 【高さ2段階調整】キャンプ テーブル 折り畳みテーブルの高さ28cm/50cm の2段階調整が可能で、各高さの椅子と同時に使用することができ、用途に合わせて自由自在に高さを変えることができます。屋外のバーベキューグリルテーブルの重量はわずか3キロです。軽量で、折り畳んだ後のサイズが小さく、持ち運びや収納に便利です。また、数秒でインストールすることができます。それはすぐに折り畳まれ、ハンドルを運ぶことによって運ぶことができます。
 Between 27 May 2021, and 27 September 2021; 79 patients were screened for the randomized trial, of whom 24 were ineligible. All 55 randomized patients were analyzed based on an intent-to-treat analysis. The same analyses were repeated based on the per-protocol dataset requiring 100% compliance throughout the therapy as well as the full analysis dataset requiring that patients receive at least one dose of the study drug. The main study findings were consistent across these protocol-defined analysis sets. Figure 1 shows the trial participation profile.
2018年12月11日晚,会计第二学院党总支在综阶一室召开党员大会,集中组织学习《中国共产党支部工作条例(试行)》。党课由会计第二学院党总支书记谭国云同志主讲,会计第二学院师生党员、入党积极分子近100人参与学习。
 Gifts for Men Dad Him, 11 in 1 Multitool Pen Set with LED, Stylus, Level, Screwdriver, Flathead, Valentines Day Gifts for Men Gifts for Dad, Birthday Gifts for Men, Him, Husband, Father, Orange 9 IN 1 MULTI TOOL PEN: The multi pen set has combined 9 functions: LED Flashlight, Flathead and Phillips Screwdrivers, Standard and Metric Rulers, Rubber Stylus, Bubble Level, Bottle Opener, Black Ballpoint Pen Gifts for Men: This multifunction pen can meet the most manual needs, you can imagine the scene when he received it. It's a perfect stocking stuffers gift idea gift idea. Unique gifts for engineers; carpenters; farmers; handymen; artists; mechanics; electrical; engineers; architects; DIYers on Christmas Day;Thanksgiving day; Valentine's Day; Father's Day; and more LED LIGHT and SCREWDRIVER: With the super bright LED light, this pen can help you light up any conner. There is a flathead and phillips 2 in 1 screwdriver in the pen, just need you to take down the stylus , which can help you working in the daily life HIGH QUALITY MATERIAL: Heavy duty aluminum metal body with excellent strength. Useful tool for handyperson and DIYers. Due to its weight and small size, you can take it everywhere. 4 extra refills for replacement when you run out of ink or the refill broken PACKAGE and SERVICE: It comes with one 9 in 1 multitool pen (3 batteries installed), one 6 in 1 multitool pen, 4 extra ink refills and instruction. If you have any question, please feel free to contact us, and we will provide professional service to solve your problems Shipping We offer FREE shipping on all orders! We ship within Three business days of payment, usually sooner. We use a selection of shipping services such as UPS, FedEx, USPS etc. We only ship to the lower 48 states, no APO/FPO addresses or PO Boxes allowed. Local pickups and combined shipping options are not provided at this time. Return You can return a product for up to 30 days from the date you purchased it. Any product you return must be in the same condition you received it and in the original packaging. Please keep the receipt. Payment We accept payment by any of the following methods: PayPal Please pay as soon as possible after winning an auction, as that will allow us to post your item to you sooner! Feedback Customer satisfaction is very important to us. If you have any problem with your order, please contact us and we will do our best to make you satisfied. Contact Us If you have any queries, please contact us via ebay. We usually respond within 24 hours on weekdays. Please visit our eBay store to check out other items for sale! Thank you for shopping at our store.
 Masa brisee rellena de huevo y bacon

_What the task requires_
The answer should be the entries, given again without a single difference.

_Result of this task_
 【高さ2段階調整】キャンプ テーブル 折り畳みテーブルの高さ28cm/50cm の2段階調整が可能で、各高さの椅子と同時に使用することができ、用途に合わせて自由自在に高さを変えることができます。屋外のバーベキューグリルテーブルの重量はわずか3キロです。軽量で、折り畳んだ後のサイズが小さく、持ち運びや収納に便利です。また、数秒でインストールすることができます。それはすぐに折り畳まれ、ハンドルを運ぶことによって運ぶことができます。
 Between 27 May 2021, and 27 September 2021; 79 patients were screened for the randomized trial, of whom 24 were ineligible. All 55 randomized patients were analyzed based on an intent-to-treat analysis. The same analyses were repeated based on the per-protocol dataset requiring 100% compliance throughout the therapy as well as the full analysis dataset requiring that patients receive at least one dose of the study drug. The main study findings were consistent across these protocol-defined analysis sets. Figure 1 shows the trial participation profile.
2018年12月11日晚,会计第二学院党总支在综阶一室召开党员大会,集中组织学习《中国共产党支部工作条例(试行)》。党课由会计第二学院党总支书记谭国云同志主讲,会计第二学院师生党员、入党积极分子近100人参与学习。
 Gifts for Men Dad Him, 11 in 1 Multitool Pen Set with LED, Stylus, Level, Screwdriver, Flathead, Valentines Day Gifts for Men Gifts for Dad, Birthday Gifts for Men, Him, Husband, Father, Orange 9 IN 1 MULTI TOOL PEN: The multi pen set has combined 9 functions: LED Flashlight, Flathead and Phillips Screwdrivers, Standard and Metric Rulers, Rubber Stylus, Bubble Level, Bottle Opener, Black Ballpoint Pen Gifts for Men: This multifunction pen can meet the most manual needs, you can imagine the scene when he received it. It's a perfect stocking stuffers gift idea gift idea. Unique gifts for engineers; carpenters; farmers; handymen; artists; mechanics; electrical; engineers; architects; DIYers on Christmas Day;Thanksgiving day; Valentine's Day; Father's Day; and more LED LIGHT and SCREWDRIVER: With the super bright LED light, this pen can help you light up any conner. There is a flathead and phillips 2 in 1 screwdriver in the pen, just need you to take down the stylus , which can help you working in the daily life HIGH QUALITY MATERIAL: Heavy duty aluminum metal body with excellent strength. Useful tool for handyperson and DIYers. Due to its weight and small size, you can take it everywhere. 4 extra refills for replacement when you run out of ink or the refill broken PACKAGE and SERVICE: It comes with one 9 in 1 multitool pen (3 batteries installed), one 6 in 1 multitool pen, 4 extra ink refills and instruction. If you have any question, please feel free to contact us, and we will provide professional service to solve your problems Shipping We offer FREE shipping on all orders! We ship within Three business days of payment, usually sooner. We use a selection of shipping services such as UPS, FedEx, USPS etc. We only ship to the lower 48 states, no APO/FPO addresses or PO Boxes allowed. Local pickups and combined shipping options are not provided at this time. Return You can return a product for up to 30 days from the date you purchased it. Any product you return must be in the same condition you received it and in the original packaging. Please keep the receipt. Payment We accept payment by any of the following methods: PayPal Please pay as soon as possible after winning an auction, as that will allow us to post your item to you sooner! Feedback Customer satisfaction is very important to us. If you have any problem with your order, please contact us and we will do our best to make you satisfied. Contact Us If you have any queries, please contact us via ebay. We usually respond within 24 hours on weekdays. Please visit our eBay store to check out other items for sale! Thank you for shopping at our store.
 Masa brisee rellena de huevo y bacon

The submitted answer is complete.